**Problem requirements:**
Nothing but the records, transcribed exactly, should appear in the answer; leave the pictures out.

-.-.-

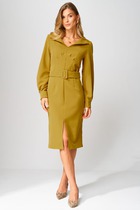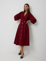 Платье, с центральной двубортной застежкой на пришивные кнопки, с отложным воротником и лацканами. Верхняя часть переда с нагрудными вытачками. Верхняя часть спинки со средним швом и талиевыми вытачками .Нижняя часть переда и спинки расклешенная. Низ переда закладывается в односторонние складки. Шов по талии присборен на резинку. Рукав втачной, короткий, с отложной манжетой. Платье со съемным поясом.
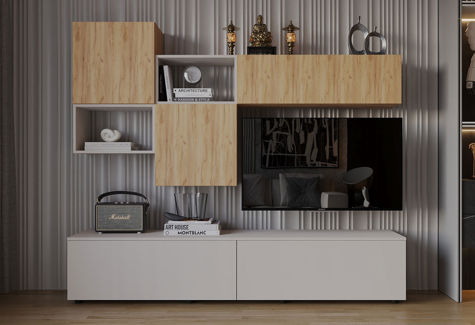 Вітальня Viant ВТ-8 з навісними полицями 200 см, дуб тахо / кашемір
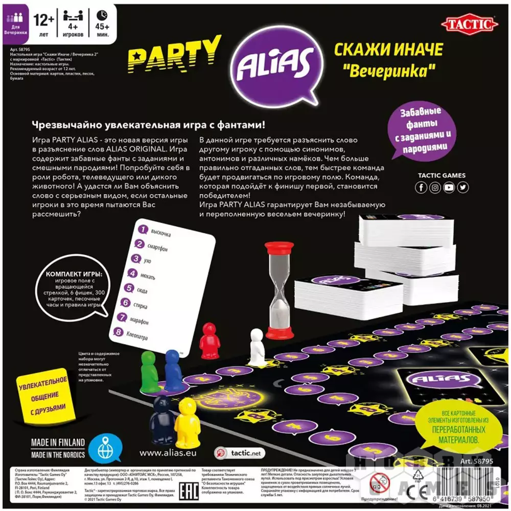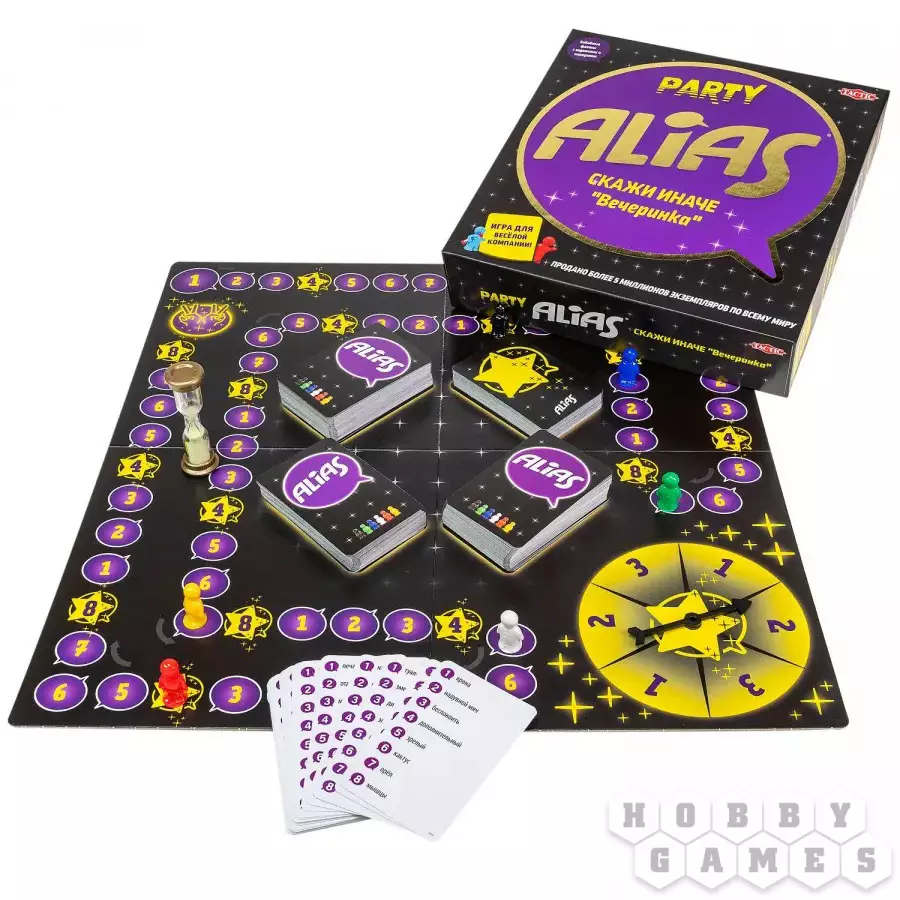 Данный вариант адаптирован для вечеринок и тусовок. В этой игре, так же как и в прочих играх серии, необходимо при помощи подсказок изобразить необходимое слово товарищу по команде (подсказки – слова-синонимы и другое). В отличие от прочих игр серии, в Alias Party придётся объясняться новыми, необычными и невероятными способами, если фишка команды попадает в поле Party ("Вечеринка"). Тут будьте готовы, что придется не только объяснять слова а, к примеру, рассказать анекдот, в котором есть слова из карточки, объяснить слово вприпрыжку либо в необычной позе. Также может выпасть задание объяснять слова в разных эмоциональных состояниях – счастливом, злом, истерическом. Эта игра выявит способности каждого объяснить, призовет к креативности и активности.
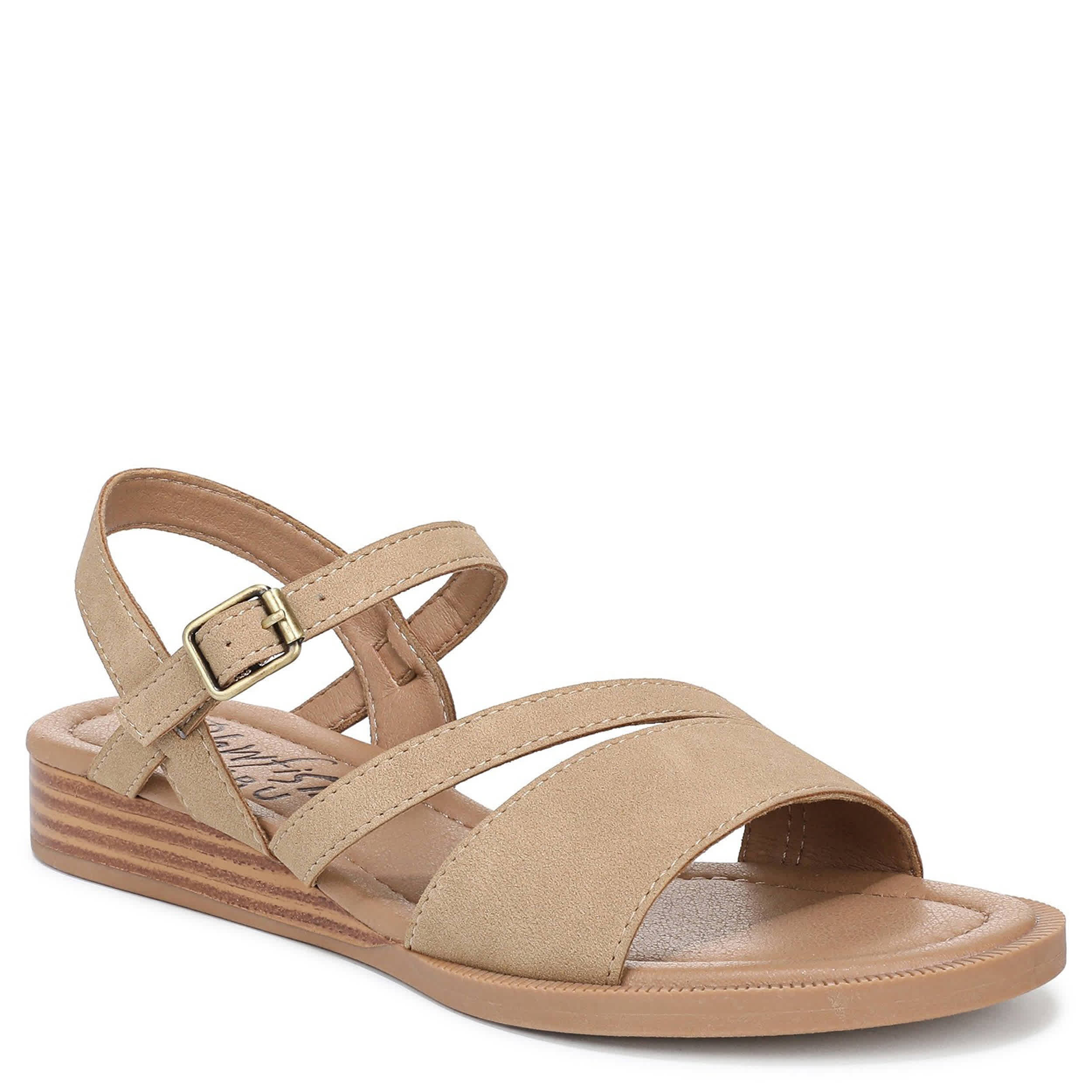 Shoot straight for the sand with the Blowfish Malibu Arrow sandal. Featuring a faux suede upper, this strappy sandal is a great addition to your summer vacation. The slight wedge and low heel add extra comfort.
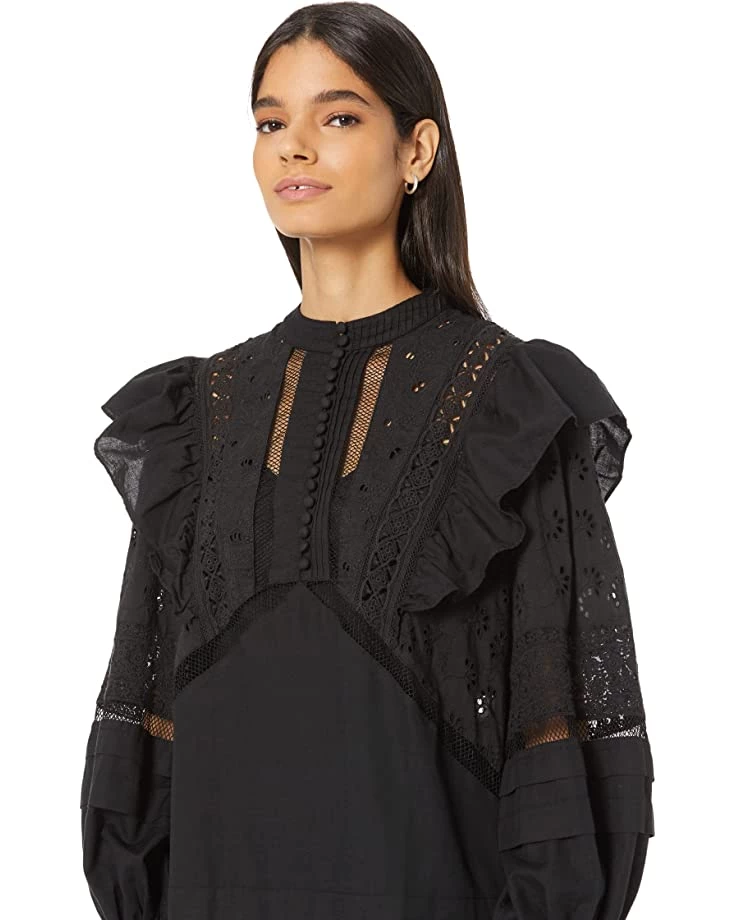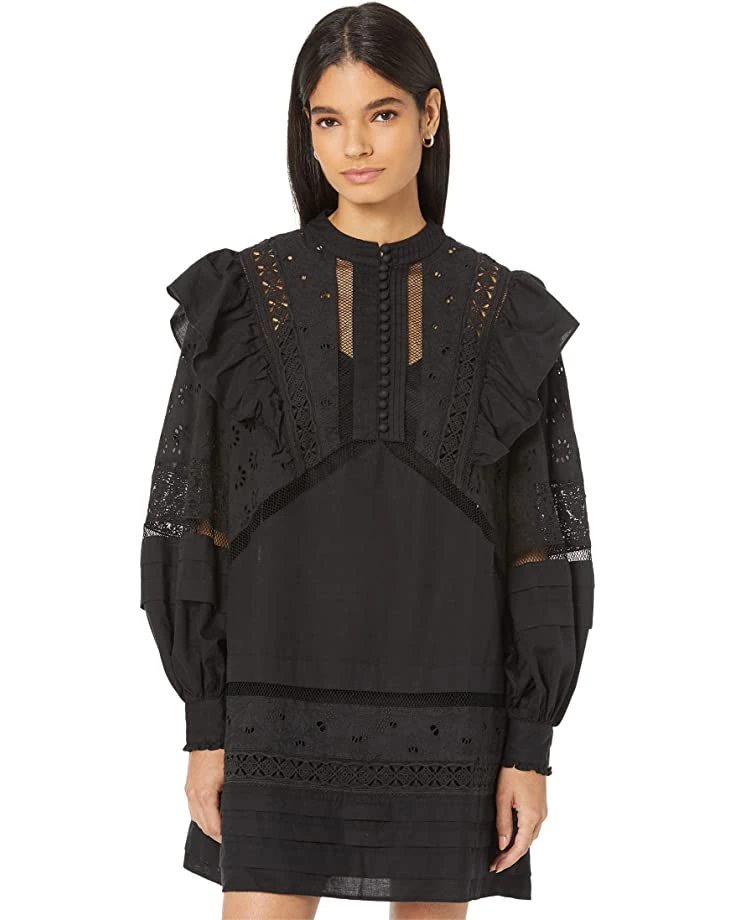 - AllSaints™ Prim Broderie Dress is a delicately designed dress with lacy insets and frilly outlines.

-.-.-

**Reply to the task:**
 Платье, с центральной двубортной застежкой на пришивные кнопки, с отложным воротником и лацканами. Верхняя часть переда с нагрудными вытачками. Верхняя часть спинки со средним швом и талиевыми вытачками .Нижняя часть переда и спинки расклешенная. Низ переда закладывается в односторонние складки. Шов по талии присборен на резинку. Рукав втачной, короткий, с отложной манжетой. Платье со съемным поясом.
 Вітальня Viant ВТ-8 з навісними полицями 200 см, дуб тахо / кашемір
 Данный вариант адаптирован для вечеринок и тусовок. В этой игре, так же как и в прочих играх серии, необходимо при помощи подсказок изобразить необходимое слово товарищу по команде (подсказки – слова-синонимы и другое). В отличие от прочих игр серии, в Alias Party придётся объясняться новыми, необычными и невероятными способами, если фишка команды попадает в поле Party ("Вечеринка"). Тут будьте готовы, что придется не только объяснять слова а, к примеру, рассказать анекдот, в котором есть слова из карточки, объяснить слово вприпрыжку либо в необычной позе. Также может выпасть задание объяснять слова в разных эмоциональных состояниях – счастливом, злом, истерическом. Эта игра выявит способности каждого объяснить, призовет к креативности и активности.
 Shoot straight for the sand with the Blowfish Malibu Arrow sandal. Featuring a faux suede upper, this strappy sandal is a great addition to your summer vacation. The slight wedge and low heel add extra comfort.
 - AllSaints™ Prim Broderie Dress is a delicately designed dress with lacy insets and frilly outlines.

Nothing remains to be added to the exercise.